What this task involves:
Write out every entry exactly; the pictures do not belong in the copy.

Exercise input:
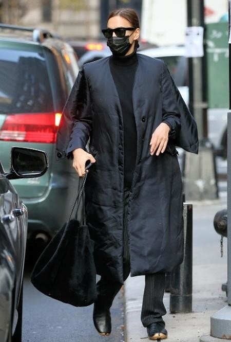 В этом сезоне стритстайл российской супермодели — настоящее признание в любви к total-black. Уже не помним, когда в последний раз видели звезду в аутфитах в ярких тонах, но, стоит признать, темные оттенки ей определенно к лицу. Универсальный рецепт от Ирины — расслабленные брюки плюс водолазка, а основной акцент супермодель предлагает сделать на верхней одежде и обуви. Она выгуливает легкий длинный пуховик с оригинальной отделкой на спине и мягкую кожаную обувь на плоской подошве, предлагая альтернативу господствующему в эти месяцы тренду на грубую обувь. Лук завершают объемная сумка и черные солнцезащитные очки.
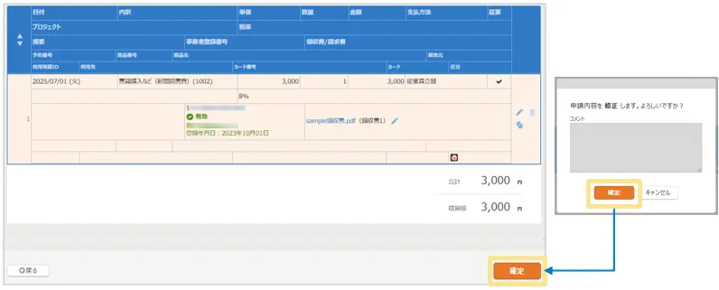 4.伝票画面の「確定」をクリックし、必要に応じてコメントを入力し「確定」をクリック
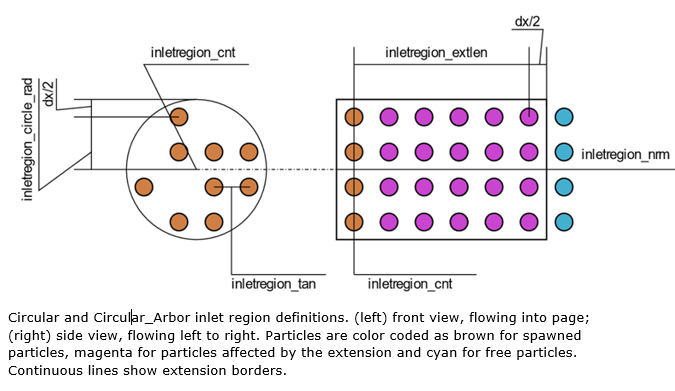 The extension covers up to half dx, further in each direction than the definitions given in the cfg to ensure all spawned inlet region particles are covered. The fluid particles within the extension have the same velocity as the inlet region. It is important that the spawn area is not disturbed by other fluid particles. The extension only applies to the fluid phase specified for that specific inlet region.
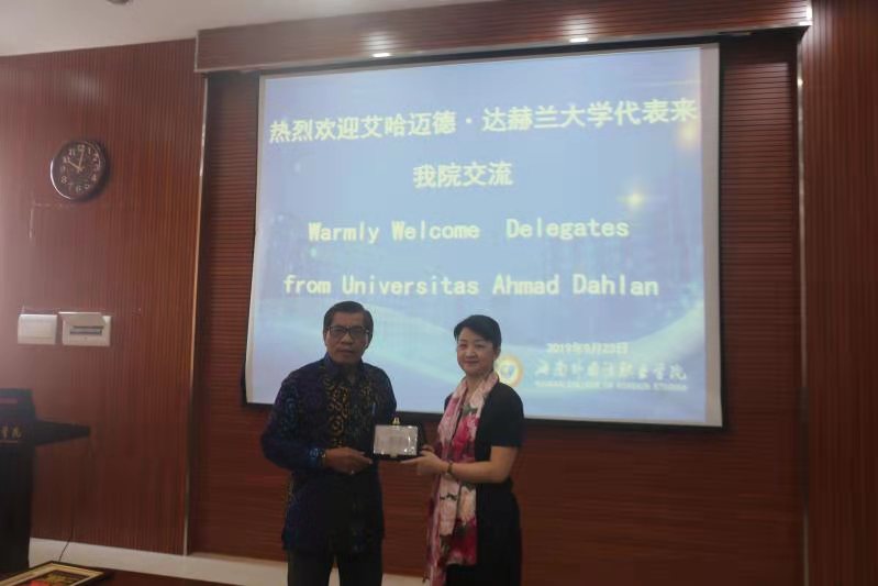 艾哈迈德·达赫兰大学KASIYARNO校长对我院的热情接待表示衷心的感谢。艾哈迈德 达赫兰大学是一所综合性大学,专业覆盖医学、农业、法律、外语、师范教育等,自2008年就开始与中国的高校建立合作,先后培养了超过500名的中国留学生。现有在校生约30000人,教职工760多人,共有6个校区。KASIYARNO校长表示希望双方加强合作,合作领域可以扩大至英语教育、国际贸易和阿拉伯语教育;既可以开展长期的交流学习,也可以开展短期的文化体验学习活动。
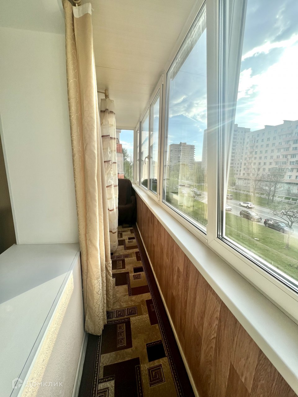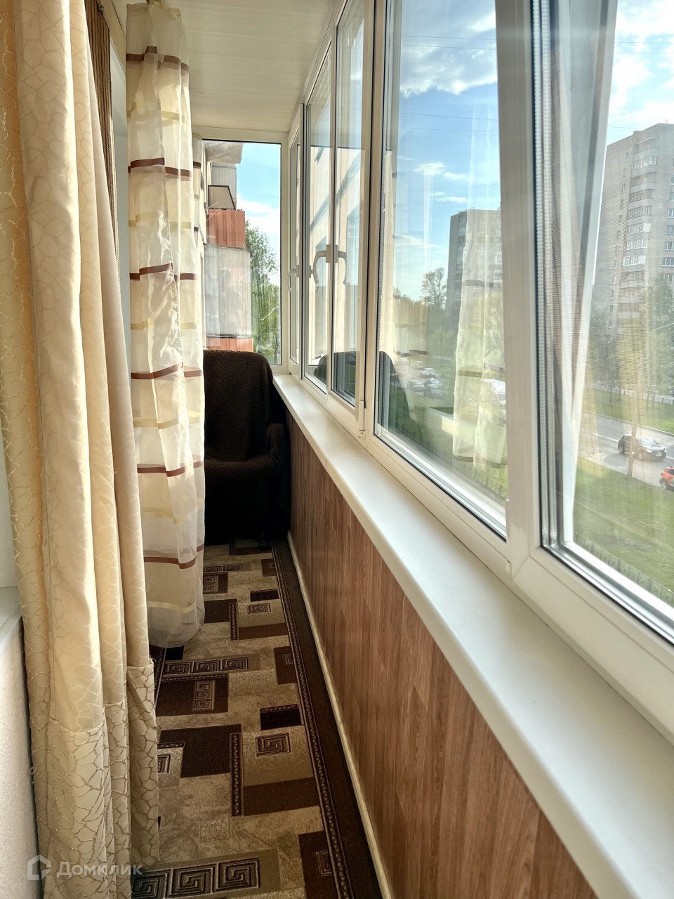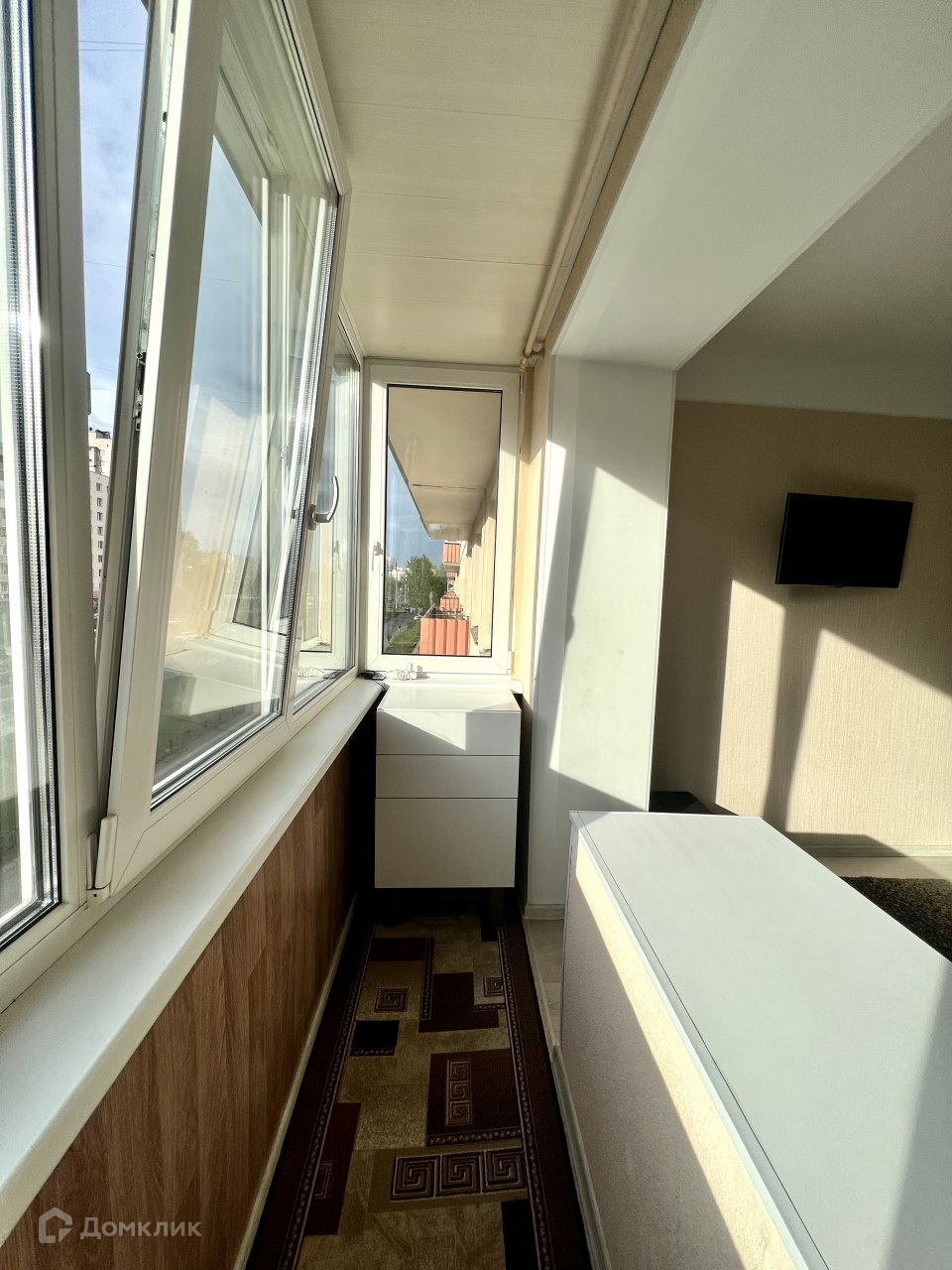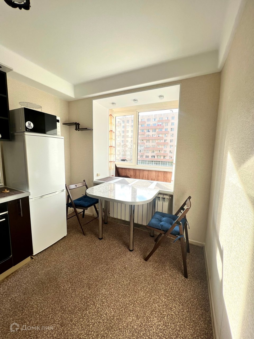 Квартира расположена на 3 этаже. Общая площадь- 34 кв. м. Комната 16 кв. м, кухня 9 кв.м. Есть большой застекленный балкон. Квартира очень светлая.
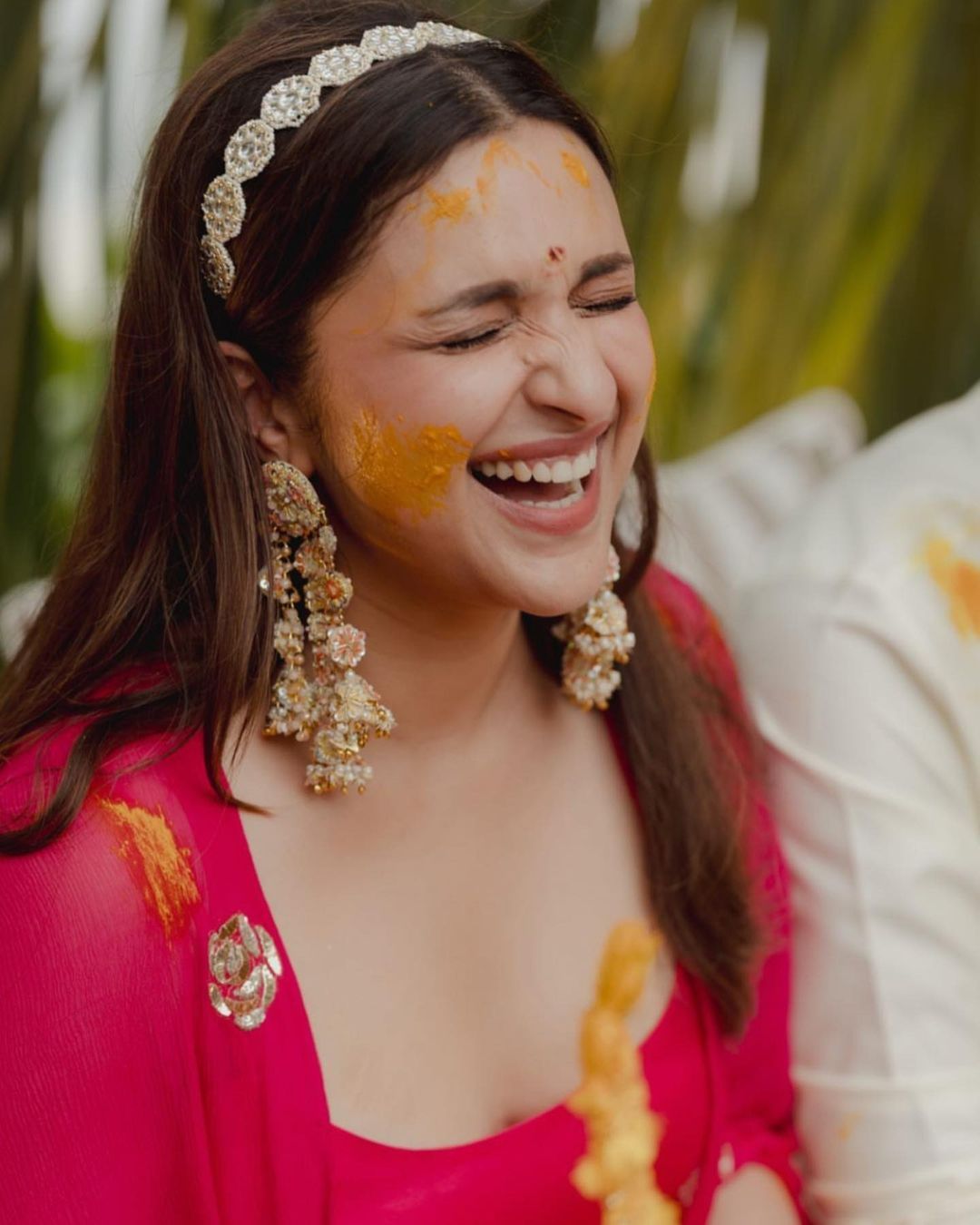 A lovely choice for brides who want to maintain tradition with a hint of personality, Parineeti's look reminds us that pinks can work for haldi too!

Answer:
 В этом сезоне стритстайл российской супермодели — настоящее признание в любви к total-black. Уже не помним, когда в последний раз видели звезду в аутфитах в ярких тонах, но, стоит признать, темные оттенки ей определенно к лицу. Универсальный рецепт от Ирины — расслабленные брюки плюс водолазка, а основной акцент супермодель предлагает сделать на верхней одежде и обуви. Она выгуливает легкий длинный пуховик с оригинальной отделкой на спине и мягкую кожаную обувь на плоской подошве, предлагая альтернативу господствующему в эти месяцы тренду на грубую обувь. Лук завершают объемная сумка и черные солнцезащитные очки.
 4.伝票画面の「確定」をクリックし、必要に応じてコメントを入力し「確定」をクリック
 The extension covers up to half dx, further in each direction than the definitions given in the cfg to ensure all spawned inlet region particles are covered. The fluid particles within the extension have the same velocity as the inlet region. It is important that the spawn area is not disturbed by other fluid particles. The extension only applies to the fluid phase specified for that specific inlet region.
 艾哈迈德·达赫兰大学KASIYARNO校长对我院的热情接待表示衷心的感谢。艾哈迈德 达赫兰大学是一所综合性大学,专业覆盖医学、农业、法律、外语、师范教育等,自2008年就开始与中国的高校建立合作,先后培养了超过500名的中国留学生。现有在校生约30000人,教职工760多人,共有6个校区。KASIYARNO校长表示希望双方加强合作,合作领域可以扩大至英语教育、国际贸易和阿拉伯语教育;既可以开展长期的交流学习,也可以开展短期的文化体验学习活动。
 Квартира расположена на 3 этаже. Общая площадь- 34 кв. м. Комната 16 кв. м, кухня 9 кв.м. Есть большой застекленный балкон. Квартира очень светлая.
 A lovely choice for brides who want to maintain tradition with a hint of personality, Parineeti's look reminds us that pinks can work for haldi too!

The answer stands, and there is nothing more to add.